## [EXERCISE INSTRUCTIONS]
Output each of the entries exactly, skipping every picture they contain.

[Source data]
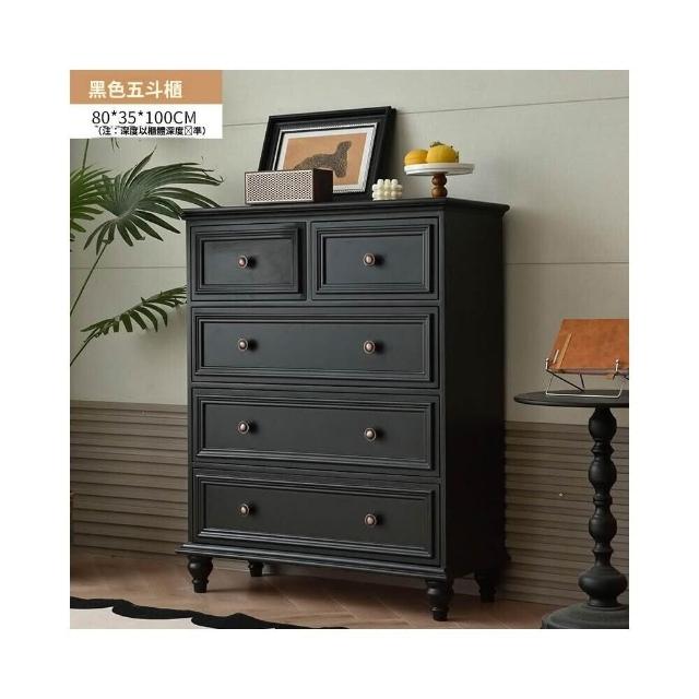 免運 斗櫃 美式斗柜 美式實木五斗櫃臥室黑色簡約抽屜柜子靠墻輕奢立櫃床尾收納櫃客廳
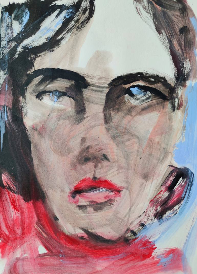 Modern female portrait painting. Original acrylic on off-white paper, 170 gms. Size approx 25x35 cm, 10x14 Inch. Dated and signed on the back.
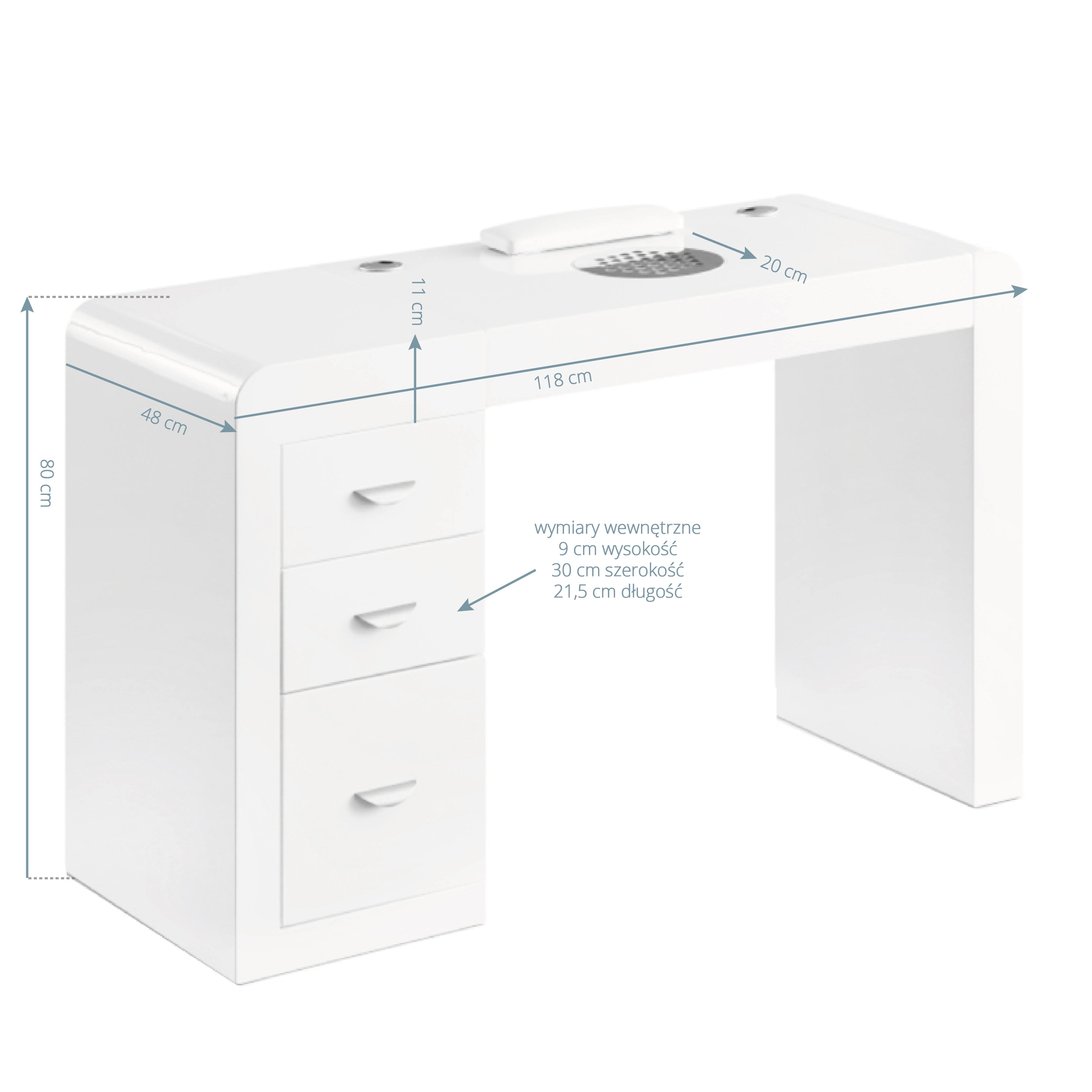 Três gavetas espaçosas facilitam a organização e a manutenção em ordem dos cosméticos e ferramentas mais necessários. A secretária está equipada com um absorvedor prático que reduz eficazmente a quantidade de pó nocivo, proporcionando ar limpo e fresco no local de trabalho. Ao mesmo tempo, graças à sua integração na superfície da secretária, não ocupa espaço de trabalho valioso. Locais especialmente concebidos para cabos facilitam a organização dos dispositivos necessários no salão, como máquinas de broca para unhas, lâmpadas de tratamento ou lâmpadas para unhas, permitindo esconder os cabos.
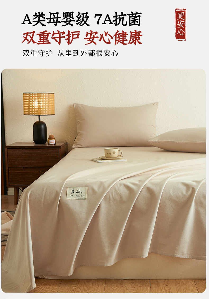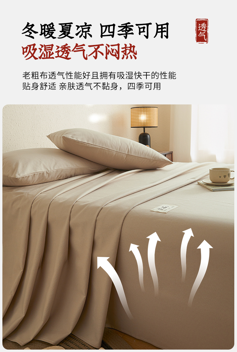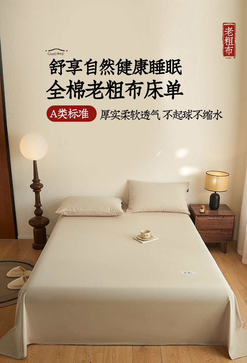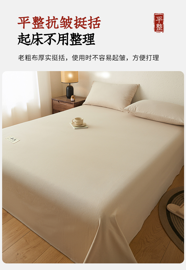 商品名称:鑫钰2025新款纯棉全棉老粗布床单--LP纯色系列 卡其
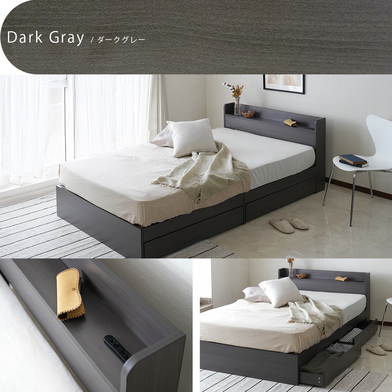 シンプルなデザインでも実用的な多機能をしっかり備えたベッドフレームです。
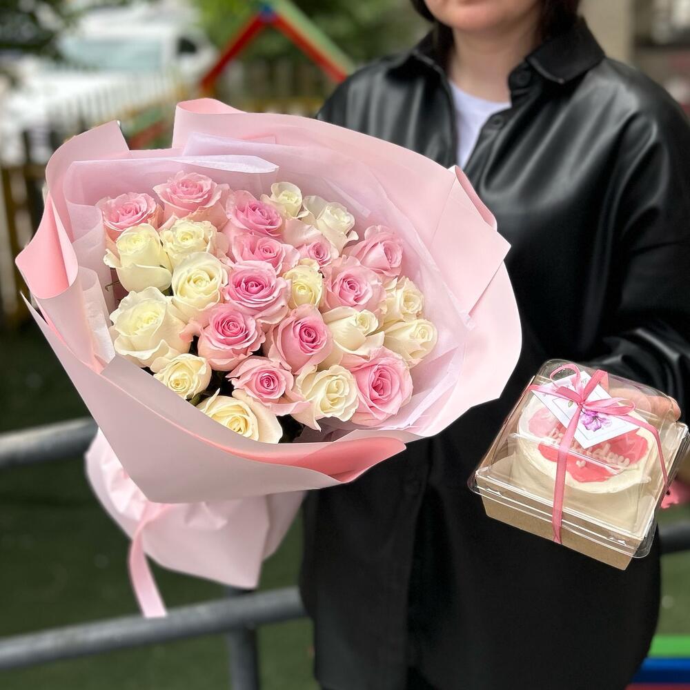 Букет из 25 роз и бенто торт
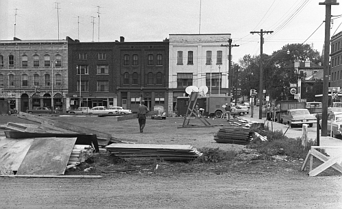 The old Post Office was taken down in the early 1960s and replaced by a new building for The Ontario Intelligencer. Here is the empty lot, looking north, in June 1964. The Quinte Hotel is just visible on the right of the image.
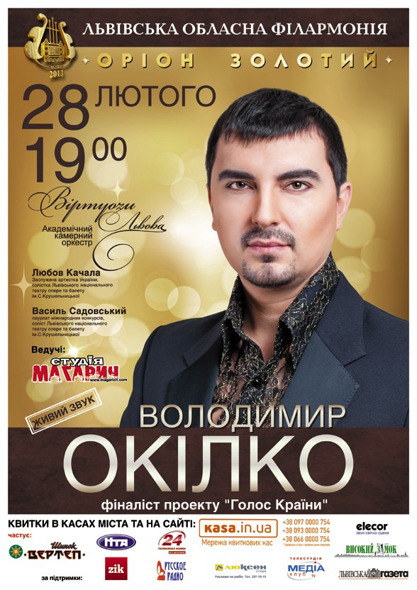28 лютого, 19:00 - Концерт Володимира Окілко "Золотий Оріон"

## [REPLY]
 免運 斗櫃 美式斗柜 美式實木五斗櫃臥室黑色簡約抽屜柜子靠墻輕奢立櫃床尾收納櫃客廳
 Modern female portrait painting. Original acrylic on off-white paper, 170 gms. Size approx 25x35 cm, 10x14 Inch. Dated and signed on the back.
 Três gavetas espaçosas facilitam a organização e a manutenção em ordem dos cosméticos e ferramentas mais necessários. A secretária está equipada com um absorvedor prático que reduz eficazmente a quantidade de pó nocivo, proporcionando ar limpo e fresco no local de trabalho. Ao mesmo tempo, graças à sua integração na superfície da secretária, não ocupa espaço de trabalho valioso. Locais especialmente concebidos para cabos facilitam a organização dos dispositivos necessários no salão, como máquinas de broca para unhas, lâmpadas de tratamento ou lâmpadas para unhas, permitindo esconder os cabos.
 商品名称:鑫钰2025新款纯棉全棉老粗布床单--LP纯色系列 卡其
 シンプルなデザインでも実用的な多機能をしっかり備えたベッドフレームです。
 Букет из 25 роз и бенто торт
 The old Post Office was taken down in the early 1960s and replaced by a new building for The Ontario Intelligencer. Here is the empty lot, looking north, in June 1964. The Quinte Hotel is just visible on the right of the image.
28 лютого, 19:00 - Концерт Володимира Окілко "Золотий Оріон"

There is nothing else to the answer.